Page 154 of A Touch of Chaos

Dread pooled low in Dionysus’s stomach. It was possible the smell came from the decaying body of the ophiotaurus, but even he knew that was wishful thinking. Something else had happened here.

Something terrible.

He exchanged a look with the sheep, who still lingered nearby. The animal opened its mouth, bleating loudly before turning to lead him into the thick of the forest. Though he did not think he needed an escort to return to the cyclops’s cave, following the creature provided some comfort as they navigated the dense terrain and rocky mountainside. All the while, the smell of rot grew worse and worse.

Dionysus had never thought long on the power of a smell, but this was like walking into a solid wall, and no matter how hard he pushed against it, it never moved. It just sat in the air, coating his clothes and stinging his nose.

By the time they made it to the mouth of the cyclops’s cave, his eyes were watering, his nose was dripping, and he thought that at any moment, he would vomit, but he had found the source of the smell.

It was not just the ophiotaurus that lay within, rotting.

The cyclops was too.

Polyphemus.

His graying form lay like a mountain near the spring Dionysus had turned to wine. Hesitantly, he approached, one arm drawn over his nose, not that it could keep the smell at bay. Still, he wondered what had happened to the creature. He seemed to be in the same position as before, when he had passed out in his drunken state,except as Dionysus rounded the creature’s shoulder, he found that his eye was stabbed through with a spear.

The cyclops had been murdered.

Dionysus peered into the darkness, wondering who had carried out the attack, though they seemed to be long gone by now. Perhaps the old man who had asked him to perform the execution had followed and finished the job. Whatever the case, he wondered what sort of curse would haunt the person who left him unburied.

Dionysus moved past the cyclops and made his way farther into the cave, suffocated by the scent of death, until he found Bully’s remains.

He stood in mournful silence, thinking about how the creature had protected Ariadne. Though a monster with a serpent body and the head of a bull, he was a harmless creature who was more frightened than violent. Still, the Fates had assigned him a terrible destiny, but that was their nature: cruelty.

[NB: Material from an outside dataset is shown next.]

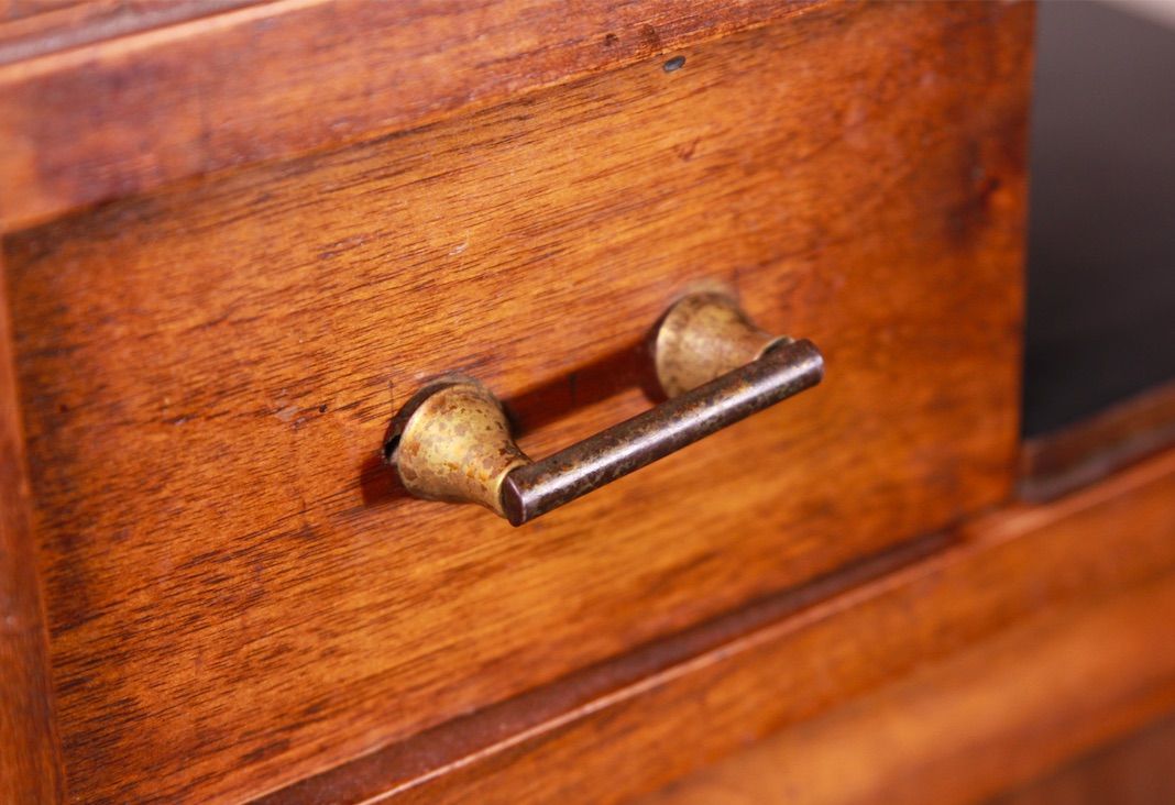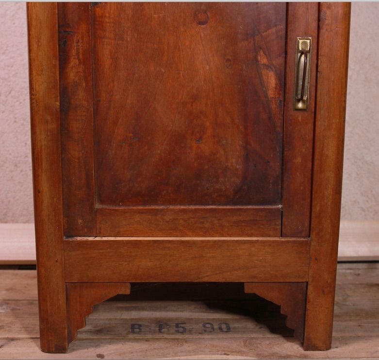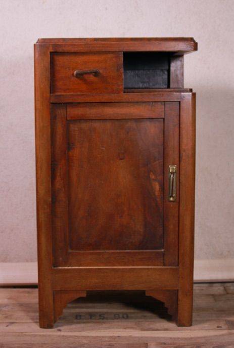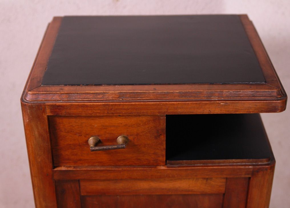 Ancienne et authentique avec ses ‘’défauts’’ de fabrication qu’il la rendent vivante. table d'appoint. Entièrement poncé, huilé et peint en noire (niche, plateau, tiroir).poignée authentique. Petit tiroir. Détail art déco sur les pieds avant. Vient d’une ferme limousine.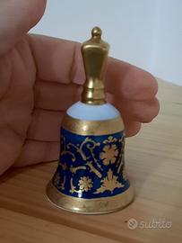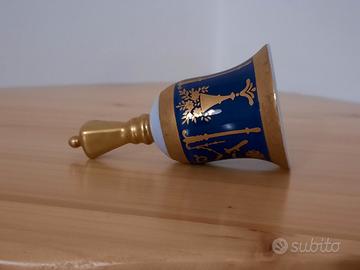 Deliziosa campanella in ceramica con decori floreali dorati su un fondo blu intenso. È un pezzo pregiato della manifattura Meissen. Sul risvolto interno il marchio Paris Royal con le 2 spade icrociate sotto lo stemma coronato. Nuova, perfetta. Misure in cm: 4,5×h7,5. - Design elegante con dettagli dorati. - Motivo floreale oro antico su fondo blu intenso. - Manico dorato a forma di clessidra.

After a few seconds, he knelt and began to dig, using a sharp rock to make a trench beside Bully’s body. When it was deep enough, he took the creature by the horns, hoping to pull his entire body into the pit, but he was so decomposed, only half of him made it, and Dionysus was forced to push what remained into the grave with his foot.

It was terrible, and the smell never lessened.

When he was finished, he covered the creature with a bed of soil. It was all he could manage before he raced from the mouth of the cave and vomited.

It was there as he bent with his hands on his knees that something struck him from behind, and he had the thought that his head was going to explode right before he lost consciousness. Again.

CHAPTER XXIX

PERSEPHONE

Persephone sat in her favorite chair in the library. A fire blazed in the hearth, and Cerberus, Typhon, and Orthrus slept nearby while she read—or tried to. Despite the peace of the evening, she could not shake the thought that something bad was happening. The feeling blossomed in her chest and grew into her throat, worsening as each quiet second ticked by.

Something wet splashed on her leg.

At first, she did not pay it any mind, thinking that perhaps she had imagined it, but then she felt a second drop.

She put her book down, expecting to see Orthrus standing near drooling on her, but he wasn’t. All the dogs remained asleep before the fireplace.

Persephone frowned and then felt another splash, this time on her face. She wiped at the wetness, and as she pulled her hand back, she noticed her fingers were stained with crimson.

Strange, she thought.

When another drop fell, she looked up and went cold when she saw that the ceiling was saturated in red, and she knew it was blood. It pooled in places and then fell in heavy drops to the floor and glided down the walls.

Her heart started to race. Panic bubbled inside her.

She shot to her feet, only to wake and find that she was in bed beside Hades. There was no blood, just the cold silk of their bedding.

She took a breath and shoved the blankets aside, slipping from bed. Despite the fire in the hearth, the air was cool, and she shivered, her skin pebbling.

She crossed to Hades’s bar and poured herself a glass of whiskey, but just as she brought it to her lips, his voice ignited in the dark.